Brief: For the entries that follow, retype exactly the lines from the one containing "Pieni mustavalkoinen perhonen" to the one containing "1 | Vajutage", inclusive, and only those. Images stay out of the copy.

---------- Exercise data ----------

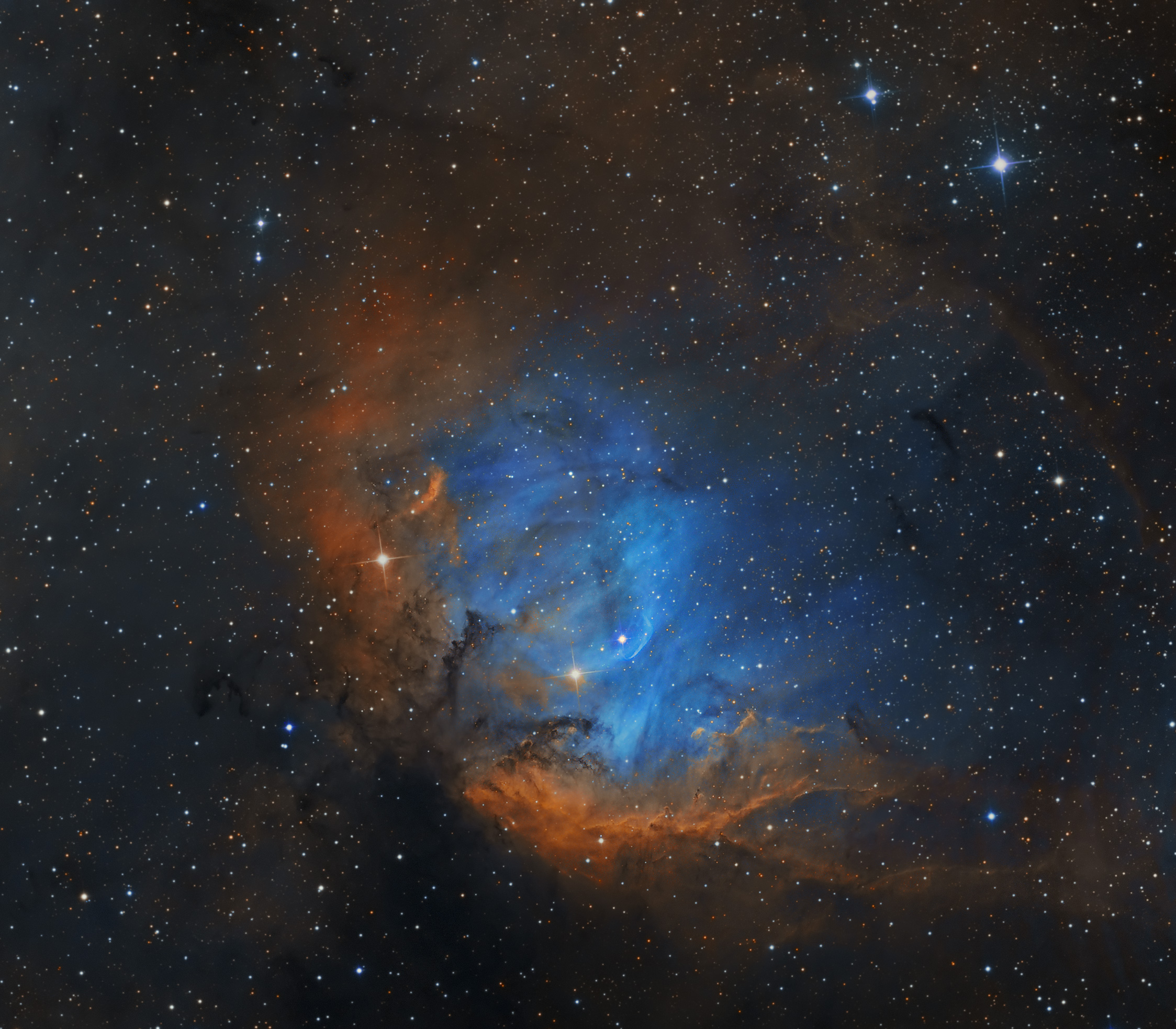 Este amplio campo visual capturado por un telescopio se dirige a lo largo del plano de nuestra Galaxia Vía Láctea hacia la constelación rica en nebulosas de Cisne. Popularmente conocida como la Nebulosa Tulipán, la nube brillante de gas e interstelar también se encuentra en el catálogo de 1959 del astrónomo Stewart Sharpless como Sh2-101. A unos 8.000 años luz de distancia y con un diámetro de 70 años luz, la compleja y bella nebulosa florece en el centro de la imagen compuesta. Los tonos rojo, verde y azul representan la emisión de átomos ionizados de azufre, hidrógeno y oxígeno. La radiación ultravioleta de estrellas jóvenes y energéticas en el borde de la asociación estelar Cygnus OB3, incluida la estrella O HDE 227018, ioniza los átomos y alimenta la emisión visible de la Nebulosa Tulipán. HDE 227018 es la estrella brillante muy cercana al arco azul en el centro de la tulipán cósmica.
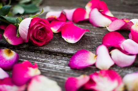 Rose petals on Wooden Background for Happy 8 march and Womens day. copy space
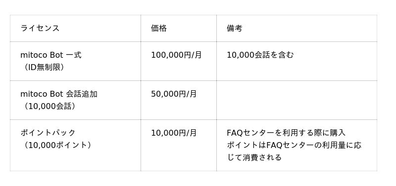 なお、本機能のAI分析処理にはmitoco Bot本体のライセンスに加えて、ポイントパック(生成AI従量課金)のご利用が必要です。
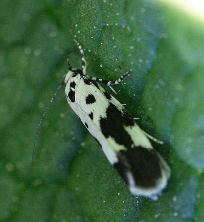 Pieni mustavalkoinen perhonen lepäili lehden varjossa.
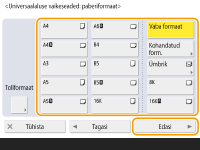 1 | Vajutage nuppu <Kohandatud formaat>. ![]() Saate määrata paberiformaadiks <Vaba formaat> ja sel juhul pole vaja paberiformaadi seadet sisestada. Määrake formaadiks <Vaba formaat> siis, kui sisestate kopeerimiseks tundmatu formaadiga paberi või kui paberiformaat on printeridraiveris juba salvestatud. |
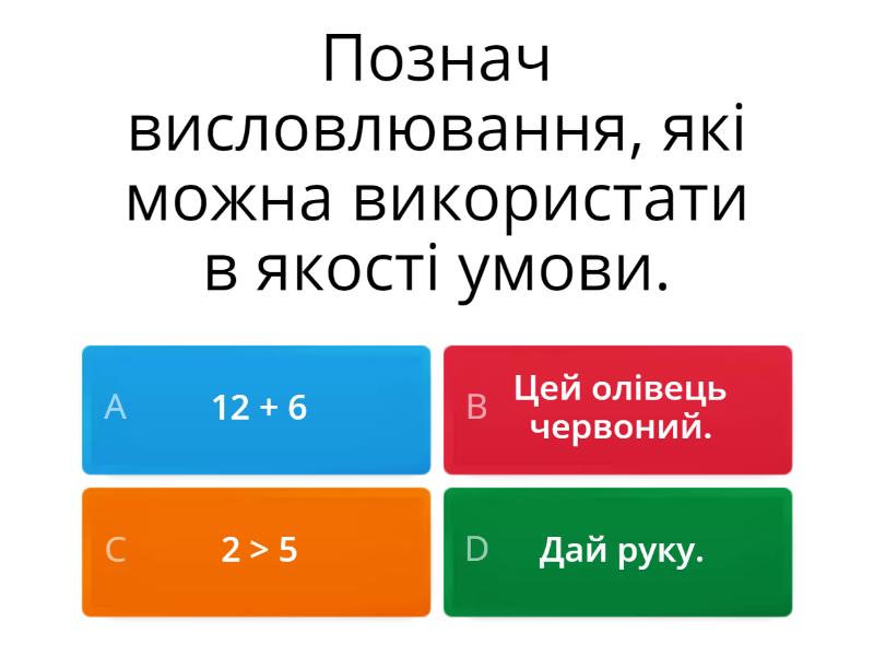 1) Познач висловлювання, які можна використати в якості умови. a) 12 + 6 b) Цей олівець червоний. c) 2 > 5 d) Дай руку. 2) Умова – це ... a) логічний оператор. b) операція порівняння. c) твердження, яке може бути істинним або хибним. 3) Знайди значення логічного виразу х >2 and х < 10, якщо х = 7 a) True   b) False 4) Знайди значення логічного виразу х >2 and х < 10, якщо х = 12 a) True b) False

----------

Exercise solution:
 Pieni mustavalkoinen perhonen lepäili lehden varjossa.
 1 | Vajutage nuppu <Kohandatud formaat>. ![]() Saate määrata paberiformaadiks <Vaba formaat> ja sel juhul pole vaja paberiformaadi seadet sisestada. Määrake formaadiks <Vaba formaat> siis, kui sisestate kopeerimiseks tundmatu formaadiga paberi või kui paberiformaat on printeridraiveris juba salvestatud. |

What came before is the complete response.